According to Edie, COP 27 will have been a major event in the 2022 diary for anyone in the sustainability space.
The two-week summit began on Sunday 6 November and, while it was meant to wrap up by the end of the working day on Friday 18 November, the process over-ran significantly. The gavel finally came down on the closing agreement in the early hours of Sunday 20 November after nations finally reached agreements on sticky issues such as loss and damage and carbon markets.
This article by Brickstone reviews some institutional reports and publications on the COP 27 recap, highlighting the good, bad, and what’s next after the climate conference.
The COP 27 Recap
According to Forbes, after two weeks of tough negotiations, the climate diplomats and delegates left Sharm El Sheikh, site of COP 27. Dozens of national pavilions, temporary convention buildings, and empty hotels stood witness that the world had been there.
Yet, what has been accomplished? In the face of mounting climate perils, COP 27 featured both landmark progress and frustrating gridlock.
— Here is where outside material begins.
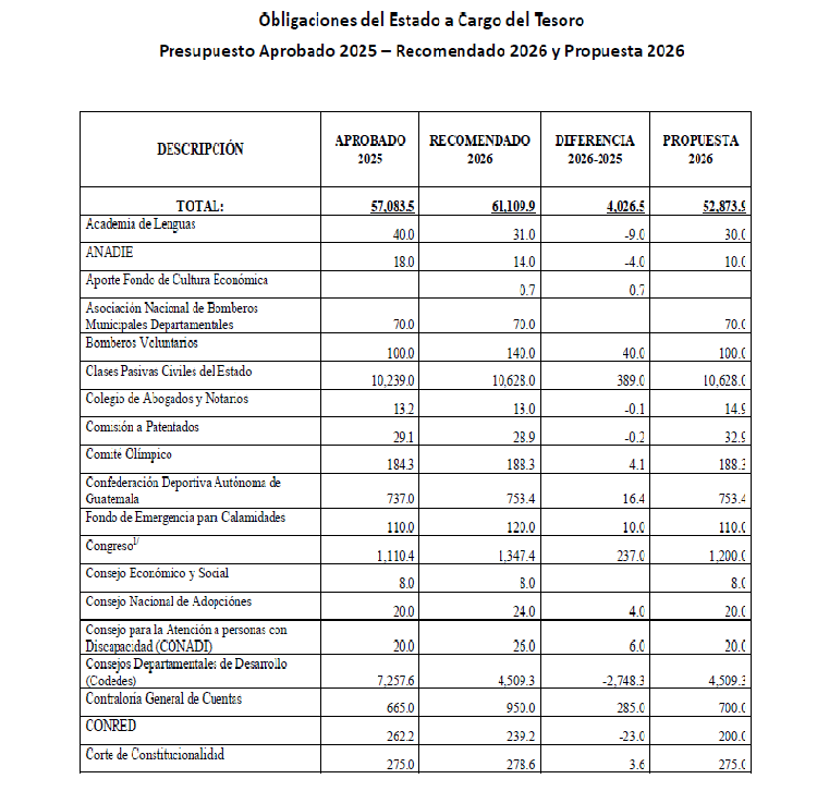 En conjunto, para 2026 tienen un presupuesto solicitado de Q2,471.5 millones, mientras que a octubre de 2025 su presupuesto vigente asciende a Q2,204.2 millones, lo que implica que hay un incremento de Q267.2 millones.

Set against a difficult geopolitical backdrop, COP 27 resulted in countries delivering a package of decisions that reaffirmed their commitment to limit global temperature rise to 1.5 degrees Celsius above pre-industrial levels.
Signs of Progress
In what is becoming a tradition at global climate meetings, negotiations ran into overtime. Fortunately, those extra hours produced a historic agreement on a loss and damage fund for the most climate-vulnerable nations. Compensation for loss and damage due to climate change was perhaps the thorniest issue in the Paris Agreement. For years, Western countries responsible for most historical emissions blocked discussion to avoid setting a potential precedent on financial liability. At COP27, these nations dropped their objections and assented to creating the loss and damage fund. However, questions remain on how the fund will be configured, how it will be financed, and what claims will be eligible.
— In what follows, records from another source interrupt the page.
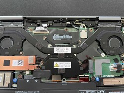 Het onderste deksel van de behuizing zit vast met gewone Philips-schroeven en kan vrij gemakkelijk worden verwijderd. Binnenin kunt u de ventilatoren schoonmaken en indien nodig de batterij of de M.2 2280 SSD verwisselen. Er kan ook een WWAN-module worden geïnstalleerd, terwijl het RAM en de WLAN-module zijn vastgesoldeerd.
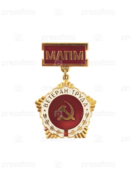 Мемориальный знак Советского Союза. Русская надпись на английском языке означает «Ветеран труда Министерства легкой промышленности»
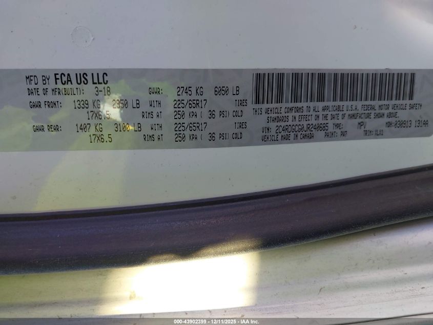 2018 DODGE GRAND CARAVAN - 2C4RDGCG0JR240685, колір - Білий, 3.6, Бензин, Передній привід із США

COP 27 returned focus to the critical issue of climate adaptation. Less than 20% of climate financing supports adaptation and resilience efforts. According to the UN Environment Programme’s (UNEP) Adaptation Gap Report (AGR), funding for adaptation is 5-10 times below what is needed. Nations have agreed to revisit (and likely increase) the scale of adaptation finance next year.
Branded as the “implementation COP”, the summit aimed at finally fulfilling previous financial pledges for investing in renewable energy, building infrastructure to withstand extreme weather events, responding to climate disasters, and funding other such aspects of climate action.
Other bright spots on adaptation included additional funding for the UN’s Adaptation Fund, which helps communities adapt to climate change and the creation of the Sharm el-Sheikh Adaptation Agenda, focused on specific resiliency-building projects.
The final COP 27 text also included a call for the “transformation of the financial system and its structures.” Momentum is building to reform the World Bank and other development finance institutions to meet the climate challenge. One reform proposal came from Barbados’ Bridgetown Initiative, which outlined a vision of global finance that provides assistance following climate disasters, supports adaptation and mitigation efforts, and avoids crippling vulnerable countries with debt.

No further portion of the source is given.